In the 80's Van de Sijpe started with Cerceuil, later on he also played with Chacok Twice, Bronks and Cowboys and Aliens. His most succesfull engagement was with Jo Lemaire, with whom he also toured extensively. He played drums at reunion shows of St.James. His last group was coverband Noisy Neighbours.

'Johan has never found a group with wider recognition. Everybody appreciated him, but he has never realised it himself', reminisces Roel Jacobus, bassplayer with Skov. Van de sijpe, who resided in the province West-Vlaanderen, lived a reclusive life.

'Johan was a dreamer.

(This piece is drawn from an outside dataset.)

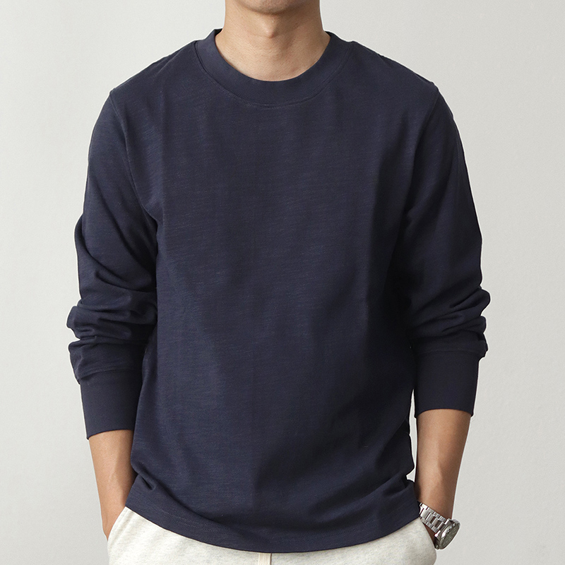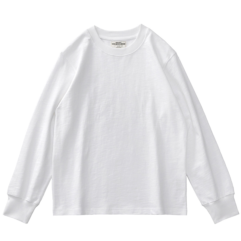 320克重磅竹节纯棉长袖男t恤美式复古宽松休闲加厚纯色圆领上衣

He even designed his own cymbals', says Lefief.
---End Quote---
Original post: http://cymbalholic.com/forums/showpost.php?p=285742&postcount=44

Original article (in dutch) :http://www.standaard.be/Artikel/Detail.aspx?artikelId=X228037_1
---End Quote---

***************
 

fooleeze

Senior Member
I don't know if its appropriate for me to be the one posting this, but I have just learned this terrible news today.

Sadly, it was confirmed that Johan VDS passed away at his home on June 25th. This is terrible news, and I don't know what I can possible say about it at this time. . .

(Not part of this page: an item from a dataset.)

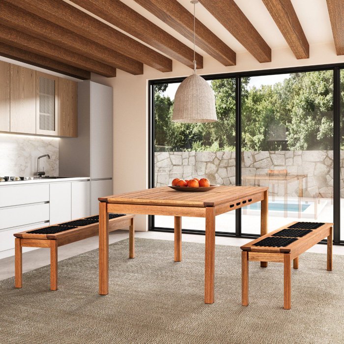 Composto por 1 mesa de 180cm e 2 bancos de 180cmm,o conjunto traço oferece conforto para os seus momentos de lazer, formando o ambiente ideal para desfrutar ocasiões de descontração ou confraternizações com seus amigos e familiares. São resistentes e com um design exclusivo. Produzidos com madeira de eucalipto reflorestado e trançado por artesãos da região de São Bento do Sul, Santa Catarina, com corda trançada chata de 0,22 cm, cor preta de polipropileno. Ideal para varandas, sacadas, espaço gourmet ou churrasqueiras e áreas de lazer cobertas, bem como para compor um ambiente aconchegante na sua sala de jantar.
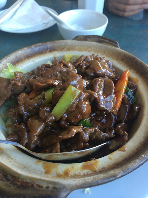 集市对面有一间唐餐馆:湖景皇宫。出来多天越发想念家乡的味道,这家餐馆是一个广州人开的餐厅,正宗粤菜合我们口味。用生长在纯净大自然中的走地牛烹调出来的牛肉煲和养在洁净的海域中的肉质饱满而鲜美的新西兰特产青口贝,加上一道久违了的蒜蓉炒青菜,就这样,我们美美的饱吃一顿。

I worked a lot with him over the past year, picking his brain, and having him make many cymbals for me. His work is amazing, but what many may not know is was a better person than a cymbalsmith. Not to take away from his cymbal work, it was truly amazing. But I think he was an even better person to know.

Rest is peace, Johan.

Excerpts from a local newspaper:

Brugge - Consternation in the Brugian music community. Last week tuesday Johan van der Sijpe has died. Born in Sijsel and lived to become 43. Van de Sijpe was seen as one of Belgiums most talented drummers in his generation.

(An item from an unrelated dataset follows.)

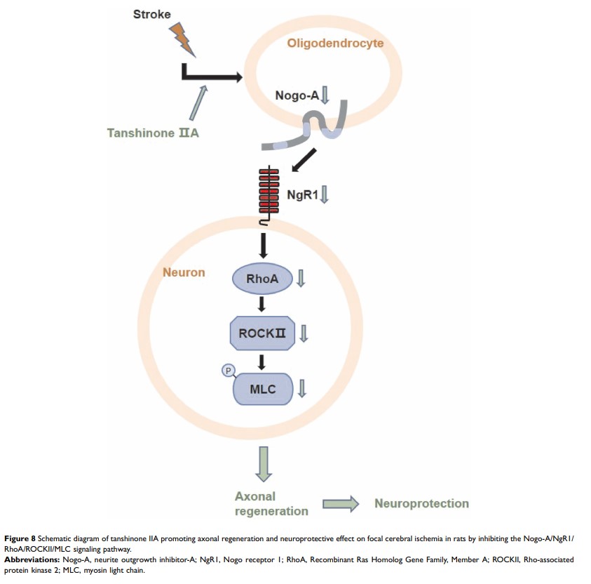 丹参酮 IIA 通过抑制 Nogo-A/NgR1/RhoA/ROCKII/MLC 信号传导促进局灶性脑缺血大鼠的轴突再生

'He could play all styles, from jazz to rock', says Philippe Lefief, ex-musician en today active at the website Moon Art Gallery.

In the 80's Van de Sijpe started with Cerceuil, later on he also played with Chacok Twice, Bronks and Cowboys and Aliens. His most succesfull engagement was with Jo Lemaire, with whom he also toured extensively. He played drums at reunion shows of St.James. His last group was coverband Noisy Neighbours.

'Johan has never found a group with wider recognition. Everybody appreciated him, but he has never realised it himself', reminisces Roel Jacobus, bassplayer with Skov. Van de sijpe, who resided in the province West-Vlaanderen, lived a reclusive life.

'Johan was a dreamer. He even designed his own cymbals', says Lefief.
 
M

Mediocrefunkybeat

Guest
A real shame. I was hoping to one day send off my hi hats to Johan for some re-working, but it seems not to be. As we lose another member of this forum too soon, my heart grows heavy.
 

stasz

Platinum Member
I can't believe it. I hope that this is somehow not true... I often came through this thread and read his hugely extensive knowledge on cymbalmaking and the art that it is. I just now before reading the above post saw a link in this thread to a video of him playing a solo which can be seen here. Not only was he infinitely knowledgeable on cymbals, he was a fantastic drummer. My thoughts and prayers go out to his family.